Pressing Control/Command + 0 fits the image to the workspace while pressing Control/Command + 1 gets it to 100% crop. While using Ps try to memorize the keyboard shortcuts as they help make things easier and faster.
Next to it is the arsip size display (marked white). Depending on the type of arsip you are working with, the size of the arsip increases substantially. For example, the size of a 24MP full frame RAW file would approximately be 30 MB. The same arsip can go up to 1 GB if you add a dozen layers added to it. We will get to layers in just a bit.
When you convert it into a JPEG of the same resolution, you might end up with a 8-12 MB file. For every layer you add to a Photoshop document, the size of the arsip increases in multiples of the size of the base layer.
On the right upper corner, you see an RGB Histogram (marked with green). Right below it, is the Adjustment toolbox (marked yellow). Below it, marked with blue, is your current layer selected inside the Layers tab. On the left you can see an eye icon (marked purple) which can be toggled. Once you click, the eye symbol appears, which means the corresponding layer is visible.
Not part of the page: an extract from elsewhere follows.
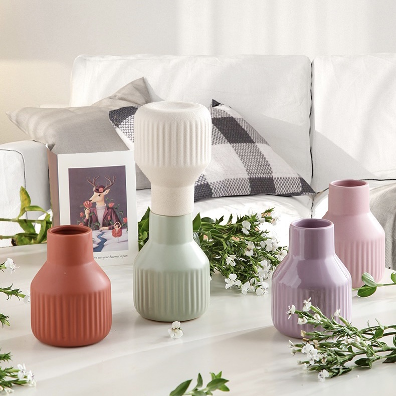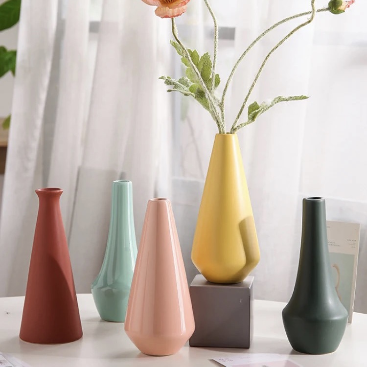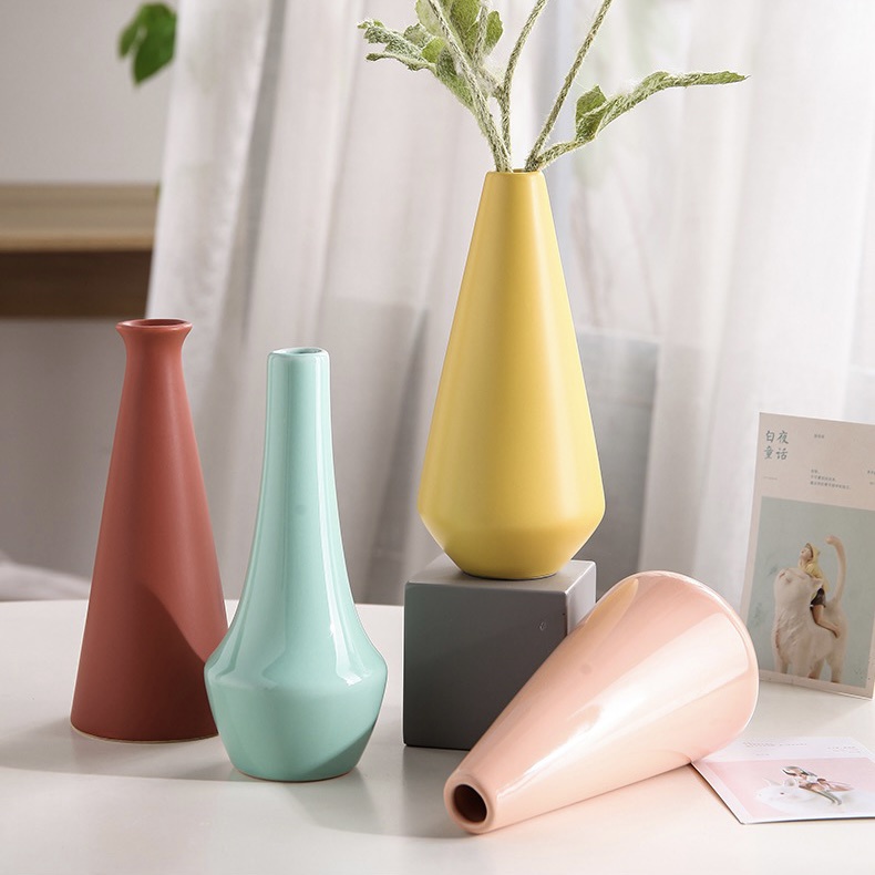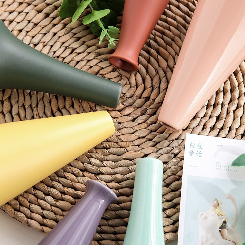 ส่งด่วน แจกันเซรามิคสีพาสเทล สำหรับใส่ดอกไม้ แบบมินิมอล ตกแต่งห้อง ตกแต่งบ้าน พร๊อพถ่ายรูป ทรงขวดหลากสีพาสเทล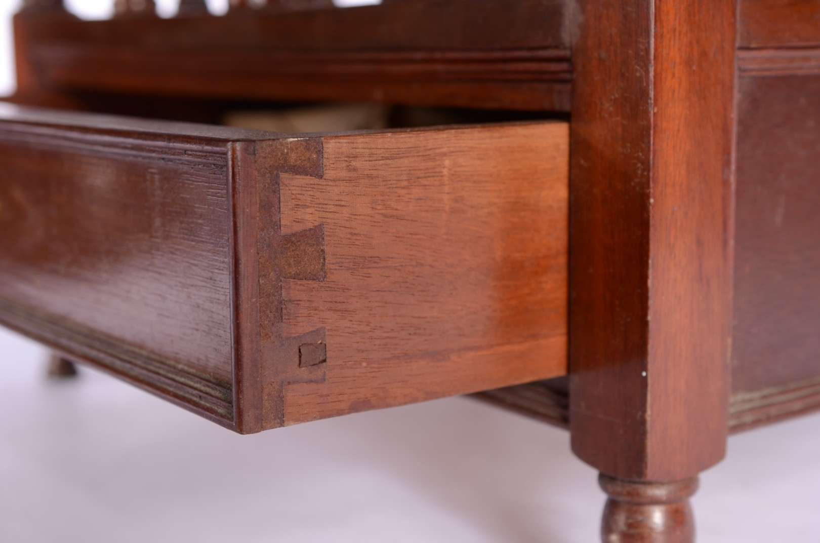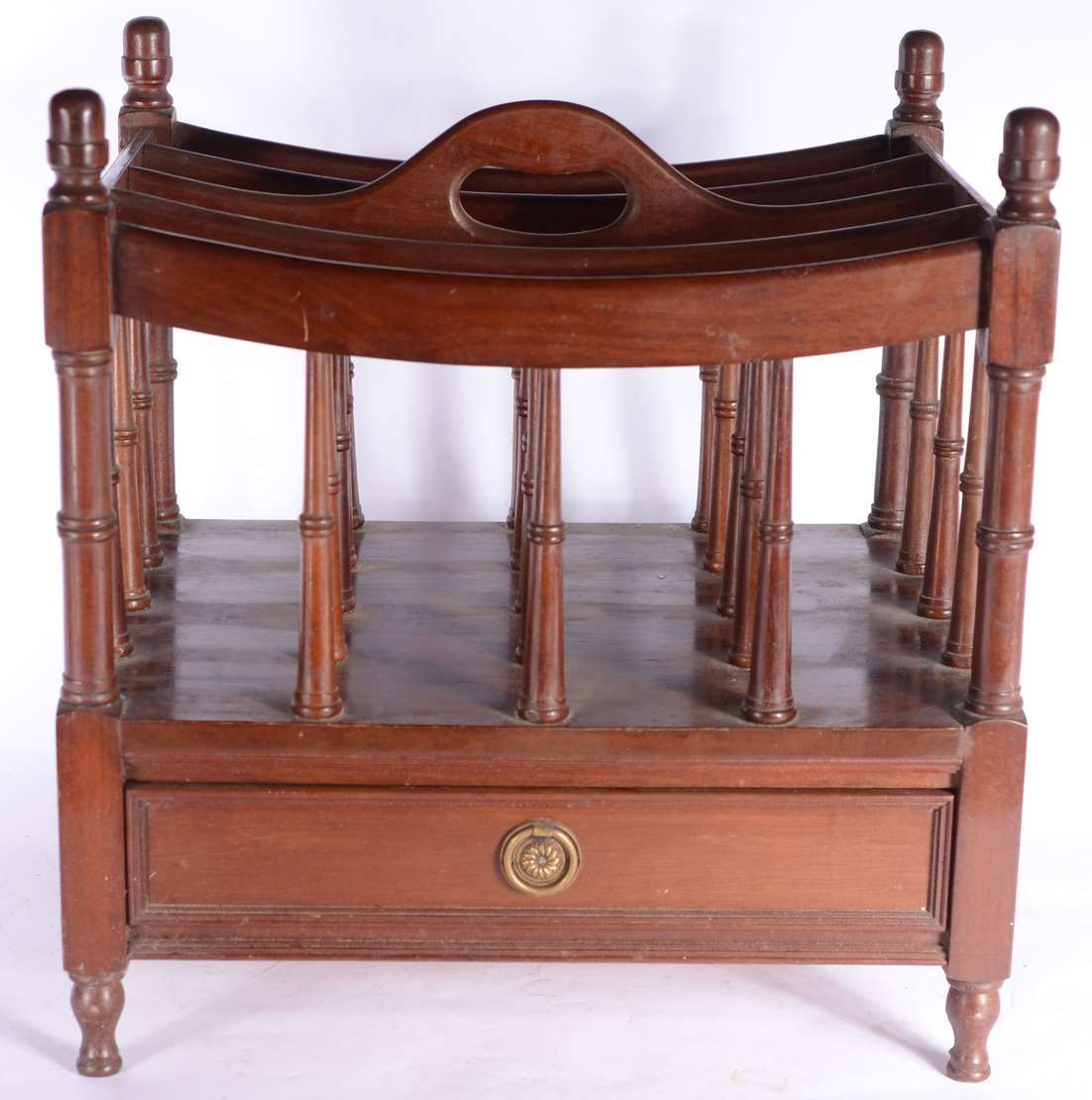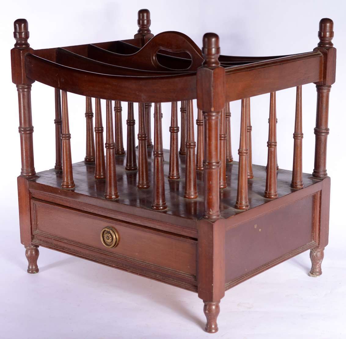 Aparador de madeira nobre, tampo dobrável, uma gaveta, apoio em coluna central canelada terminando em quatro pernas r...

When you click it again, the eye symbol disappears which means the corresponding layer becomes invisible. On the other end, marked with indigo is a lock symbol meaning the layer is locked. It means, certain tweaks cannot be applied directly to the layer.Opening a RAW file
The above holds true if we are opening a .psd, .tiff, .jpg or any other image format that Photoshop can read. But that is not what we often want to open in Photoshop. Most of us shoot RAW and once we decide an image has to be edited to some extent, we have to shoot RAW. When we try to open a RAW arsip in Photoshop, instead of just opening the file directly as it does with a TIFF or a JPEG, Photoshop does something extra.
Once you drag a RAW file into Photoshop, you see a new window with the title “Camera Raw”. This is Adobe’s specialized tool for reading and editing RAW files. If you are already familiar with Lightroom, ACR’s (Adobe Camera Raw) layout will not look alien.
ACR gives you some basic functionality that is pretty similar to what you find in Lightroom. But do note that, if you have the latest camera but you do not have the ACR update that includes that camera model, you will not be able to open the RAW files from that camera.
In such cases, you have two options. The first option is to use Adobe’s RAW to DNG converter, which is available for free. Once you convert images to DNG format, you will be able to open them even in older versions of Adobe Camera RAW.
If Adobe has not yet provided support for your camera, you will need to resort to the second option, which is to use the proprietary aplikasi that came with your camera in order to convert the RAW file to something Photoshop can read, such as TIFF.
Also note that while editing an image, you will need maximum possible data to work with. That is one of the primary reasons why we shoot in RAW, isn’t it? If you convert it to a JPEG, you are left with 8-bits of data to work with. But if you choose TIFF or preferably a format like DNG, you can work with all the original data without losing anything.